Kolubara Stadium
- Interactive map of Kolubara Stadium
- Location: Lazarevac, Serbia
- Coordinates: 44°23′2.0″N 20°15′58.5″E﻿ / ﻿44.383889°N 20.266250°E
- Capacity: 2,500

Construction
- Opened: 1968

Tenants
- FK Kolubara ŽFK Kolubara

= Kolubara Stadium =

Football stadium in Lazarevac, Serbia

Kolubara Stadium is a football stadium in Lazarevac, Serbia. Built in 1968, it is the home ground of the football club, FK Kolubara and the women's team, ŽFK Kolubara. The stadium has a capacity of 2,500 spectators.

== History ==
The stadium was built in 1968. For many years, there had been no major renovations, except for necessary works to keep the ground in sufficient condition and fulfill the standard requirements. When Bojan Stević, the local head of the ruling Serbian Progressive Party, became a new president of FK Kolubara at the end of 2012, he promised improvements on club's infrastructure Renovation works of the stadium started in early 2014. During modernization an already existing main stand on the west side was refurbished and a completely new east stand was erected. A secondary astroturf pitch was also added next to the stadium. Due to redevelopment, the total capacity of the stadium was increased to 2,500. Opening ceremony of renewed facility took place on 6 October 2015. In 2019 the stadium received 1,500 lux artificial lightning by setting four 42-meters-high floodlight masts in the corners, equipped with LED lamps (it was the sixteenth stadium in Serbia to have artificial lightning and the second that uses LED technology). During the 2019/20 season a roof was added to the eastern stand.

In 1983 the host team, FK Kolubara, achieved the first major success by advancing to the Yugoslav Second League. Placement in the higher division was secured in round before the end of 1982–83 season, when the club defeated FK Mačva Šabac at the home ground in front of 6000 spectators. In the same year the club became the amateur vice-champion of Yugoslavia. FK Kolubara played in the Yugoslav Second League for two seasons, until 1985.

For the second time the club competed at the second national level in the period of Federal Republic of Yugoslavia, between 1998 and 2002. Second-level competitions returned to Kolubara Stadium, when the hosts advanced to Serbian Prva liga in 2008.

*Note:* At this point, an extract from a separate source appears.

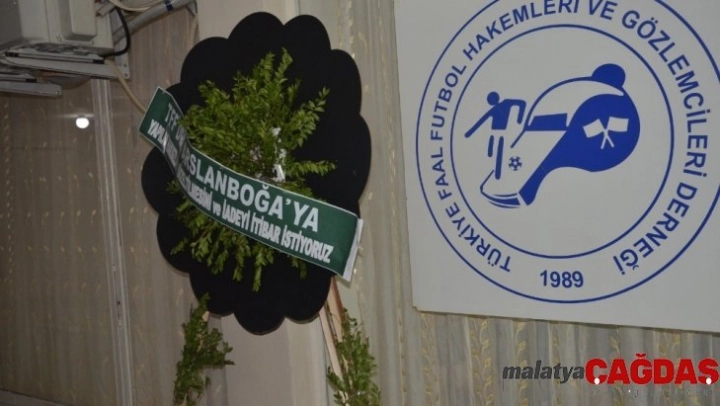 Türkiye Faal Futbol Hakem ve Gözlemciler Derneği Genel Başkanı Abdurrahman Arıcı'nın ziyaret edeceği şube önüne siyah çelenk bırakan Malatyalı sivil toplu kuruluşları, Hakem Suat Arslanboğa'ya sahip çıkılmadığı için protesto ettiler.

On 6 June 2010, the final game of the 2009–10 First League season played in Kolubara Stadium turned into a scandal. If the hosts had won against FK Teleoptik, they would have earned a historical promotion to the top flight. However, in the 86th minute the result was 0:1. Then the hosts scored a goal, which was disallowed by the referee. Unsatisfied fans entered the pitch and started to chase the referee, who was eventually saved by the police. FK Kolubara players left the field and the match was not continued. The result of the game was turned into walkover for FK Teleoptik and instead of FK Kolubara, FK Sevojno gained promotion by using its chance and winning their last game of the season.

The team continued to play in the First League until 2013, when it was relegated, but after one year they returned to the second division. In 2017 Kolubara was dropped again to Serbian League Belgrade and returned to the First League after two seasons, in 2019, at the centenary of the club's existence.

In 2021 FK Kolubara was promoted for the first time in history to the Serbian SuperLiga. The club assured promotion on 15 May 2021 at the home ground, in the penultimate game of the season, winning 3:1 against FK Borac Čačak. The first match of SuperLiga at the Kolubara Stadium took place on 26 July 2021. In their second game of the season, FK Kolubara played against FK Radnik Surdulica. The game ended with 1:1 draw.

Kolubara Stadium is also a venue for women's football team ŽFK Kolubara. In 2020/21 season they played in the Serbian Women's Super League.

The stadium also hosts some games of women's national football teams:

- 24 September 2005: Serbia and Montenegro – Norway 0:4 (World Cup qualification)
- 6 November 2018: Serbia – Russia 0:1 (friendly game)
- 6 March 2020: Serbia – North Macedonia 8:1 (European Championship qualification)

Some games of men's and women's football tournament at 2009 Summer Universiade were also held at this stadium.